# Count of Numbers in a Range where digit d occurs exactly K times

Given two positive integers L and R which represents a range and two more positive integers d and K. The task is to find the count of numbers in the range where digit d occurs exactly K times.

Examples:

Input: L = 11, R = 100, d = 2, k = 1
Output: 17
Required numbers are 12, 20, 21, 23, 24, 25, 26, 27, 28, 29, 32, 42, 52, 62, 72, 82 and 92.

Input: L = 95, R = 1005, d = 0, k = 2
Output: 14

Prerequisites : Digit DP

## Recommended: Please try your approach on {IDE} first, before moving on to the solution.

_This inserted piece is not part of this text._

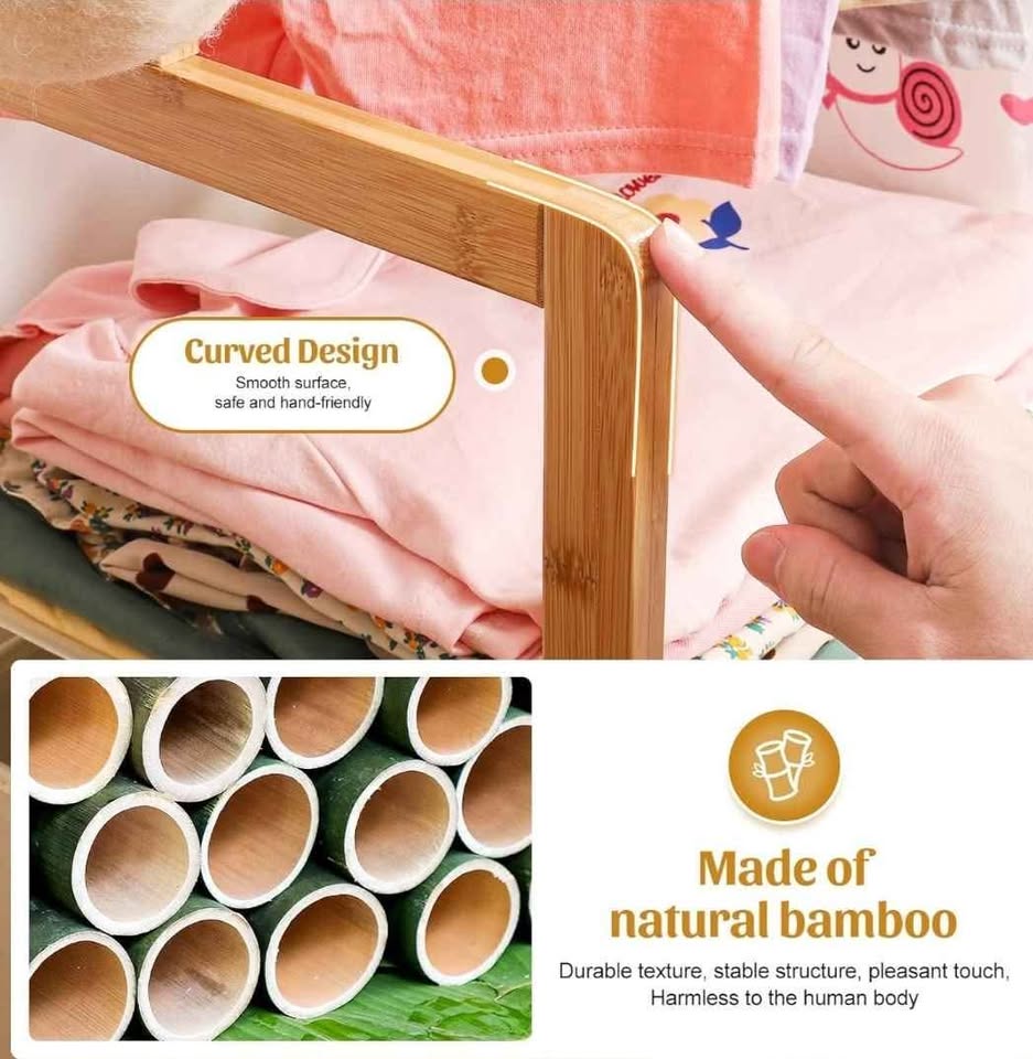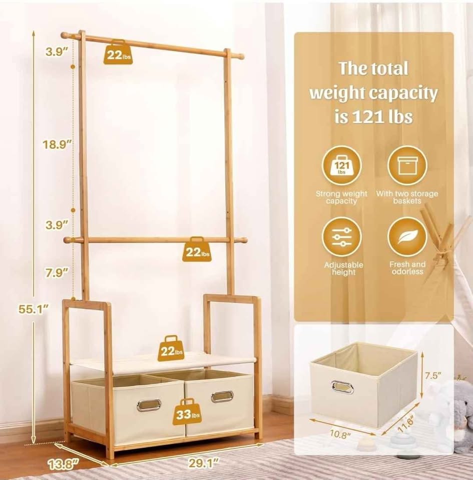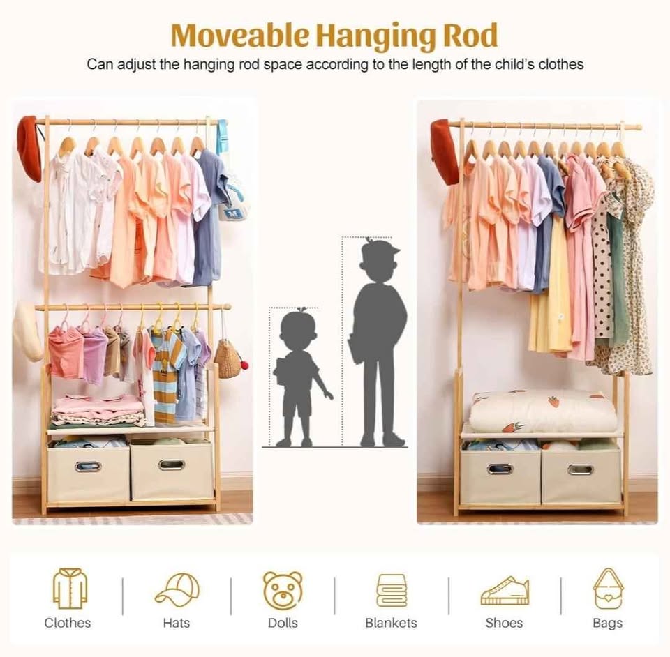 Vilaxing Kids Clothing Rack Bamboo with 2 Storage Baskets and 2 Adjustable Hanging Rods, Child Garment Holder with Shelf, Dress up Stand for Playroom, Toddlers Bedroom

Approach: Firstly, if we are able to count the required numbers upto R i.e. in the range [0, R], we can easily reach our answer in the range [L, R] by solving for from zero to R and then subtracting the answer we get after solving for from zero to L – 1. Now, we need to define the DP states.
DP States:

• Since we can consider our number as a sequence of digits, one state is the position at which we are currently in. This position can have values from 0 to 18 if we are dealing with the numbers upto 1018. In each recursive call, we try to build the sequence from left to right by placing a digit from 0 to 9.
• Second state is the count which defines the number of times, we have placed digit d so far.
• Another state is the boolean variable tight which tells the number we are trying to build has already become smaller than R so that in the upcoming recursive calls we can place any digit from 0 to 9. If the number has not become smaller, maximum limit of digit we can place is digit at current position in R.
• Last state is also boolean variable nonz which helps to consider the situation if are any leading zeroes in the number we are building, we don’t need to count them.
• In the final recursive call, when we are at the last position if the count of digit d is equal to K, return 1 otherwise return 0.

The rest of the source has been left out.